Start by patting the chicken breasts dry with paper towels and seasoning them generously with salt, pepper, and the dried thyme. Heat the olive oil over medium-high heat in your skillet. Once hot, add the chicken breasts and sear each side for about 5-6 minutes until golden brown and cooked through. Remove the chicken from the skillet and set aside on a plate.
In the same skillet, add the sliced mushrooms and trimmed green beans. Sauté for 4-5 minutes until the mushrooms release their moisture and start to brown, and the green beans become tender-crisp. Stir occasionally to ensure even cooking.
Add the minced garlic to the skillet with the vegetables. Cook for about 1 minute until fragrant, being careful not to burn the garlic, as it can turn bitter quickly.
Pour in the chicken broth and stir, scraping any browned bits from the bottom of the pan. Allow the broth to reduce slightly for 2-3 minutes. Then, add the heavy cream and stir to combine. Let the sauce simmer gently until it thickens, about 4-5 minutes.

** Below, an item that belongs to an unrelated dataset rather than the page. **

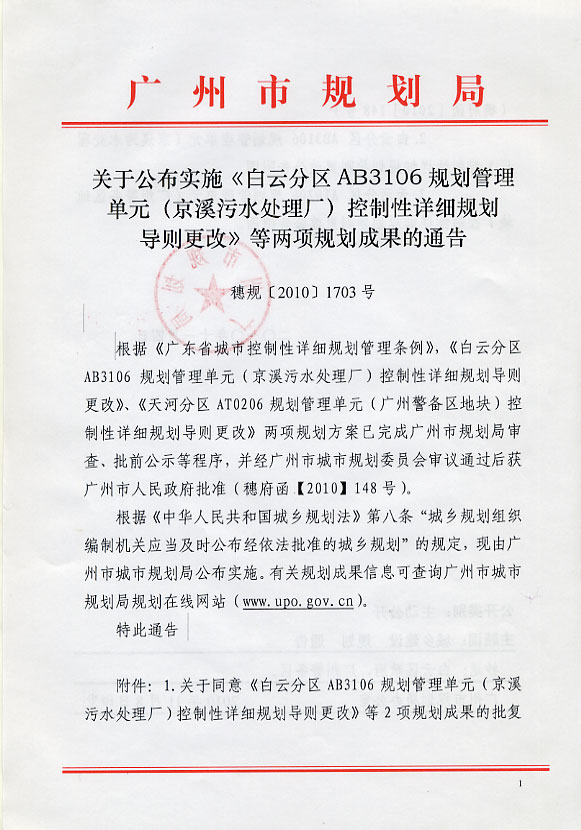 白云分区AB3106规划管理单元(京溪污水处理厂)控制性详细规划导则更改

Return the chicken breasts to the skillet, nestling them into the creamy sauce with the mushrooms and green beans. Spoon some sauce over the chicken and cook for another 3-4 minutes to heat everything through and meld the flavors.
Sprinkle fresh parsley over the top for a burst of color and freshness. Serve hot, spooning extra sauce over the chicken. This dish pairs wonderfully with a side of rice, potatoes, or even the Creamy Garlic Parmesan Orzo to soak up every bit of that luscious sauce.